- [YOUR TASK]:
Line by line, the data below should be set down unchanged, with images excluded.

- [SOURCE MATERIAL]:
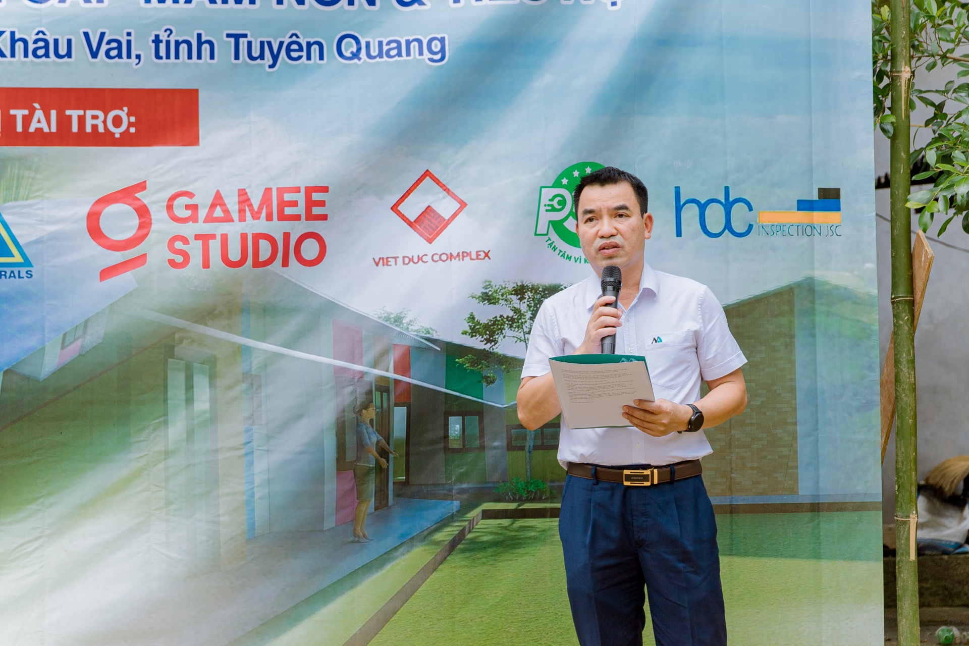 Ông Nguyễn Đức Thoả Chủ tịch HĐQT Nam Á phát biểu tại lễ bàn giao điểm trường Ha Cá - Ảnh Phải)
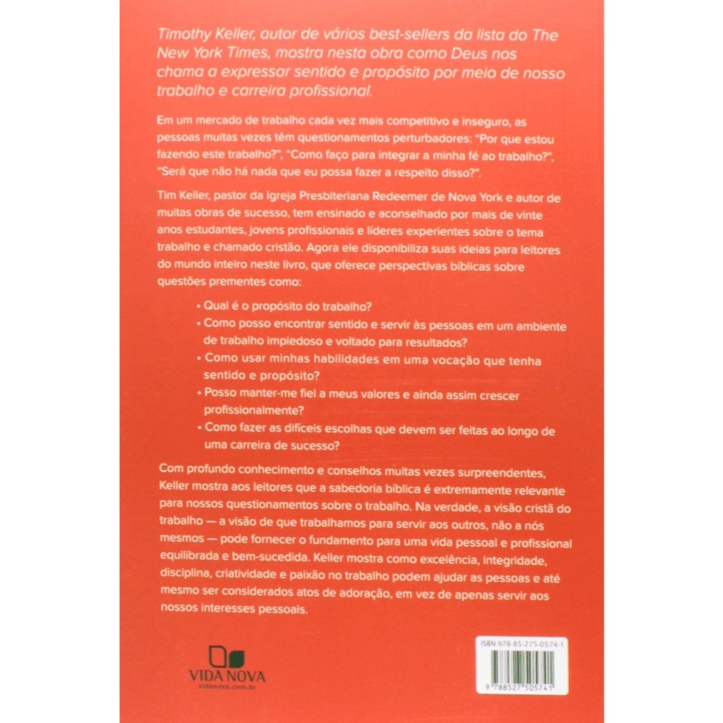 AUTOR: Timothy Keller EDITORA: Vida Nova DESCRIÇÃO DO LIVRO: Como Deus nos chama a expressar sentido e propósito por meio de nosso trabalho e carreira profissional. Tim Keller tem ensinado e aconselhado por mais de vinte anos estudantes, jovens profissionais e líderes experientes sobre o tema trabalho e chamado cristão. Agora ele disponibiliza suas ideias para leitores do mundo inteiro neste livro, que oferece perspectivas bíblicas sobre questões prementes como: - Qual é o propósito do trabalho? - Como posso encontrar sentido e servir às pessoas em um ambiente de trabalho impiedoso e voltado para resultado? - Como usar minhas habilidades em uma vocação que tenha sentido e propósito? - Posso manter-me fiel a meus valores e ainda assim crescer profissionalmente? - Como fazer as difíceis escolhas que devem ser feitas ao longo de uma carreira de sucesso? INFORMAÇÕES TÉCNICAS:Título Como integrar fé e trabalhoAutor Timothy Keller e Katherine Leary AlsdorfEditora Vida NovaPáginas 240Formato 16 x 23 cmPeso 364 g.Acabamento BrochuraISBN 9788527505741Categorias Trabalho - Vida Cristã - NegóciosEdição 2014
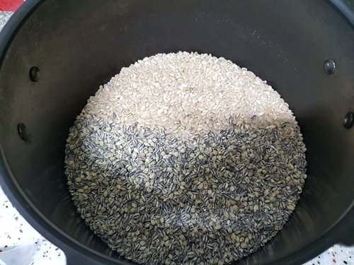 잡곡밥을 할때 비율은 알아서 하셔도 됩니다. 전 현미 반, 보리쌀 반 섞었습니다.

- [FINISHED EXERCISE]:
 Ông Nguyễn Đức Thoả Chủ tịch HĐQT Nam Á phát biểu tại lễ bàn giao điểm trường Ha Cá - Ảnh Phải)
 AUTOR: Timothy Keller EDITORA: Vida Nova DESCRIÇÃO DO LIVRO: Como Deus nos chama a expressar sentido e propósito por meio de nosso trabalho e carreira profissional. Tim Keller tem ensinado e aconselhado por mais de vinte anos estudantes, jovens profissionais e líderes experientes sobre o tema trabalho e chamado cristão. Agora ele disponibiliza suas ideias para leitores do mundo inteiro neste livro, que oferece perspectivas bíblicas sobre questões prementes como: - Qual é o propósito do trabalho? - Como posso encontrar sentido e servir às pessoas em um ambiente de trabalho impiedoso e voltado para resultado? - Como usar minhas habilidades em uma vocação que tenha sentido e propósito? - Posso manter-me fiel a meus valores e ainda assim crescer profissionalmente? - Como fazer as difíceis escolhas que devem ser feitas ao longo de uma carreira de sucesso? INFORMAÇÕES TÉCNICAS:Título Como integrar fé e trabalhoAutor Timothy Keller e Katherine Leary AlsdorfEditora Vida NovaPáginas 240Formato 16 x 23 cmPeso 364 g.Acabamento BrochuraISBN 9788527505741Categorias Trabalho - Vida Cristã - NegóciosEdição 2014
 잡곡밥을 할때 비율은 알아서 하셔도 됩니다. 전 현미 반, 보리쌀 반 섞었습니다.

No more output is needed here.